Posted by: | February 2, 2016 | No Comment |

A media star is someone who is well known due to his or her regular appearances in the mass media. They are someone who engages with their audience while having some sort of influence and authoritative standpoint. When we think of media stars, we think of popular radio talk show hosts, television hosts, news reporters, and so forth. With the rise of technology and the growth of the millennial generation, our world has become more familiar with social media stars. Before we begin exploring the future of journalism and the rise of social media stars, it’s important to acknowledge a few of the most influential media stars of our time.

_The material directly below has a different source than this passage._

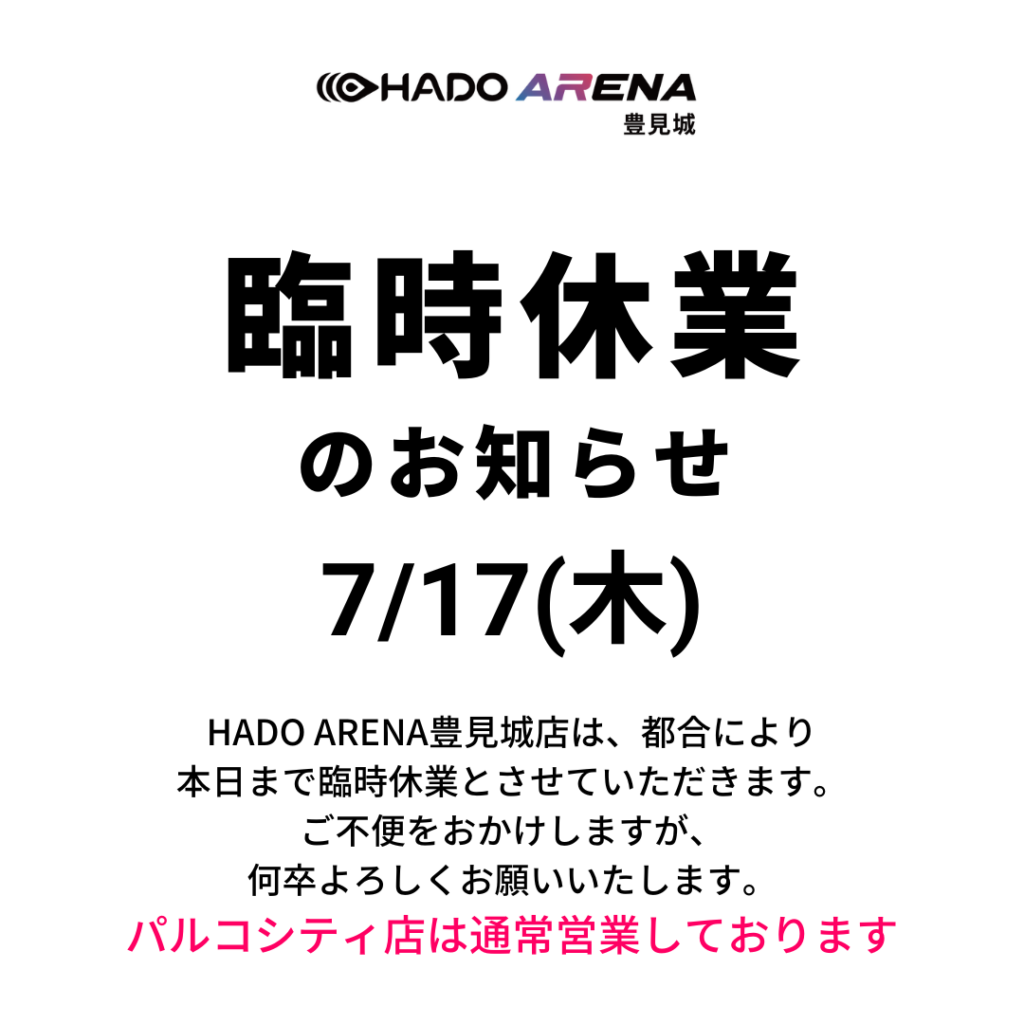 7月17日(木)HADO ARENA豊見城店は、都合により臨時休業とさせていただきます。※HADO FIELDパルコシティ店は通常営業しております。(13時~20時)ご迷惑をおかけしますが、何卒ご了承の程よろしくお願いいたします🙇

Oprah Winfrey is a talk show host, television producer, philanthropist and a film actress. Her international talk show, The Oprah Winfrey Show, took place from 1986 to 2011. According to biography.com, her show was broadcasted on 120 channels with an audience of 10 million people. As her televised presence became an essential routine for those watching at home, Winfrey made her ‘media star’ status one that not many would ever forget. The famous line, “Everyone gets a car!” Winfrey always made sure to inspire each and everyone of her viewers.



The media stars of NBC’s The Tonight Show created a legendary nightly window frame for millions of viewers at home. From Johnny Carson, David Letterman, and Jay Leno and to Jimmy Fallon, these television hosts created and revolutionized the idea of a nightly talk show. Without the presence and comedic humor of each of these narrators, the night show would not have received the attention and success on the level that it has been given. According to biography.com, the show not only leads the late-night ratings but Leno also won the Emmy Award for his performance as the host during his career. The specific type of achievement proves how influential a media star can become to the public.

While media stars and their presence continue to dominate the mass media, it is important to look at the rise of social media stars. An article in The Huffington Post titled, “Are These ‘Rising Stars’ the Future of Journalism? Yes- Yes. They Are” by Craig Kanalley, he writes, “If there’s one thing I can tell you definitively about the future of journalism, it’s that young people of the present will be the leaders of that future.” The social media networks such as Facebook, Twitter, Instagram, Vine, and YouTube have become an addictive trend that has created six figure careers as well as a chance at fame for many young adults and teenagers.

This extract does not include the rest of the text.